Is the CDT the PCT‘s younger sister?

The PCT was a childhood dream, teenage love. A year later the training wheels have come off, I felt ready for the real deal: the Continental Divide Trail.

But I wasn’t dipped into enchantment leaving the Northern Terminus and immersed in the magic, we’ve all felt back on the PCT.  

Instead I was just walking, walking, walking and then staring at the roof of my tent, wondering, doubting. Finally I had returned home, but it seems like I‘m at the wrong address.

Is it time to leave the CDT?


Like a ping pong ball.

The idea has been passed back and forth between Boomer and I like a ping bong ball for a few days.

While DB and I are still crushing big miles, my thru hiker heart is crumbling from small pieces into dust. „You seem to have a lot going on“, he said the day he noticed the terrified look on my face, when we opened the trail register.
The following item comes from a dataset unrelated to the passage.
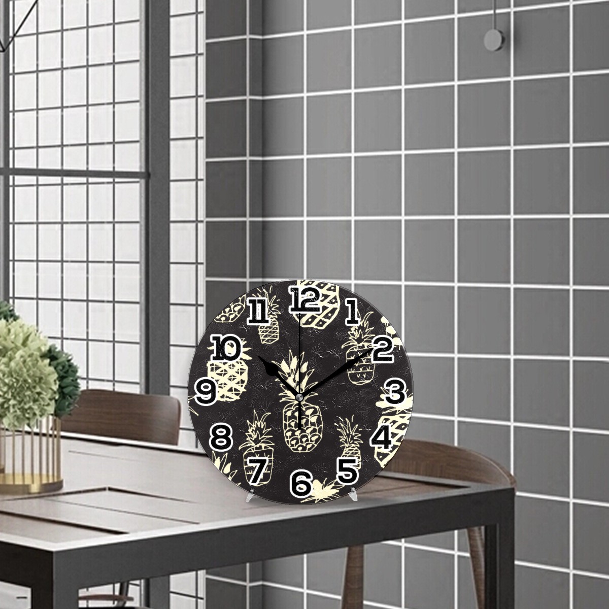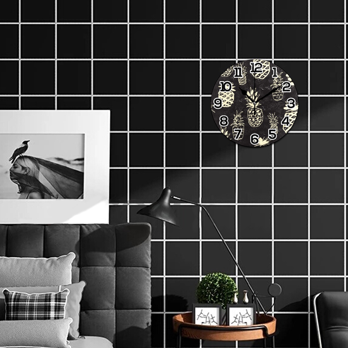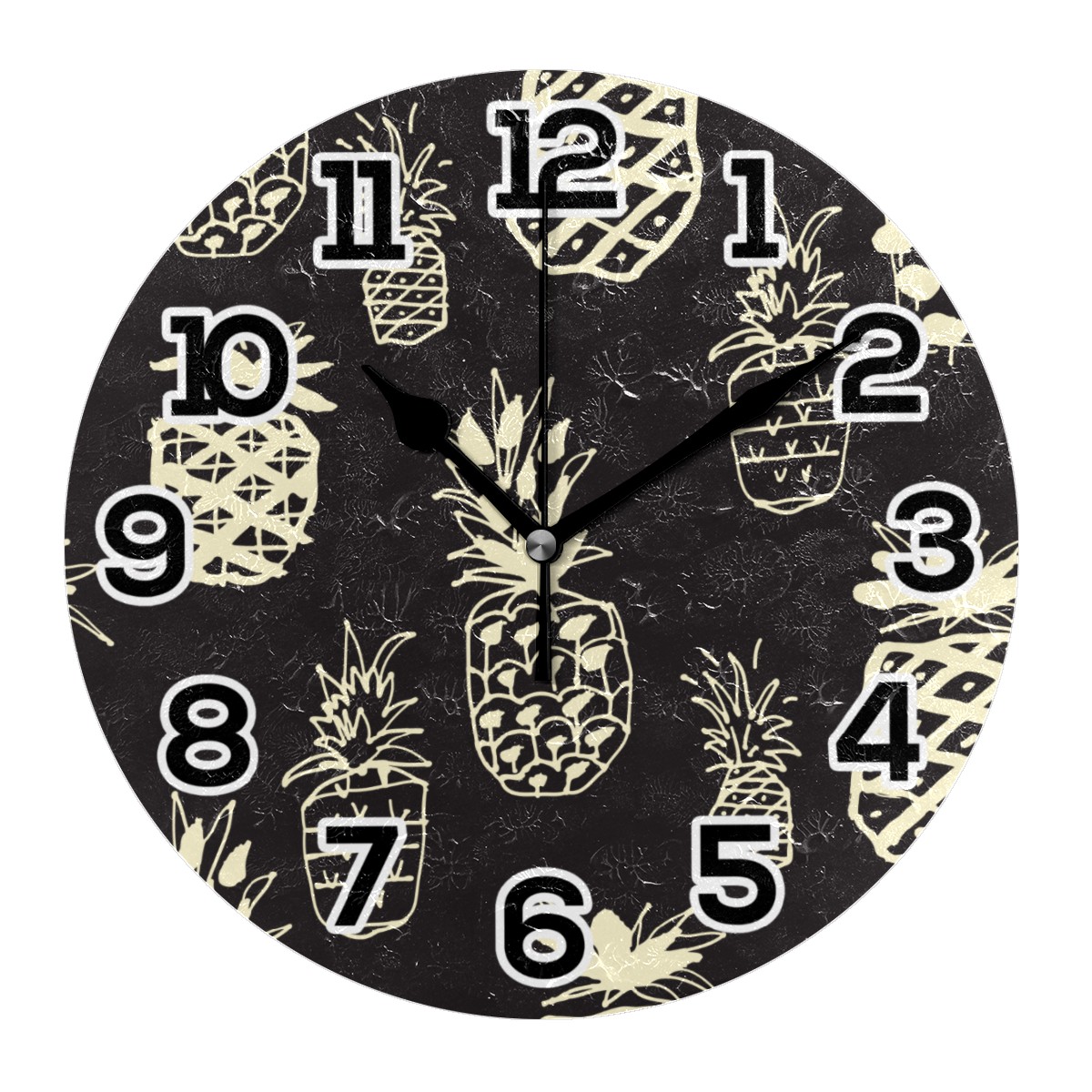Black White Pineapple Pattern Clock Wall Decor Acrylic Decorative Round Battery Operated Wall Clocks for Home Bedroom Living Room Decor Silent Non Ticking

And I told him, there’s more than one thing pulling me off the CDT.

 

Not the PCT‘s younger sister

„Come out and join me“, Boomer said after her decision to leave her CDT nobo hike this year. And at first, it seemed ludicrous. A 21 hour bus trip. Meeting a stranger somewhere in a motel north of Seattle. A rental car. A random itinerary of national parks and towns to visit.

It doesn’t feel right to leave the CDT behind. And it doesn’t feel right to be out hiking it either. This trail is not the PCT‘s younger sister. I had expected the CDT to fill this PCT-sized hole in my chest. And, being 450 miles longer, it should have filled it. It didn’t.

 

A ticket to sisterhood

After all, the CDT will not go anywhere. It will not hold it against me if I leave it, like a spurned love interest. And there was the promise of sisterhood waiting on the West coast. While the CDT demanded me to be fierce and strong and tall, I was ready to curl up in a little ball, lick my wounds and most of all: feel safe. The kind of safety I only find in other women. And women, well, there aren’t many one the CDT.

 

The decision is made

The decision lifted 50 pounds of my shoulder and with the new found lightness, I finish a big day on a Saturday evening. While the sun was already setting, I stretch my thumb out, half jokingly. Knowing I’m way too late to get a ride. But like a miracle, Amber and Will pull over. We squeeze into the old pickup and head into town for dinner.

I’m not sad. I am relieved. I feel free.

While the CDT slowly disappears in the rear mirror.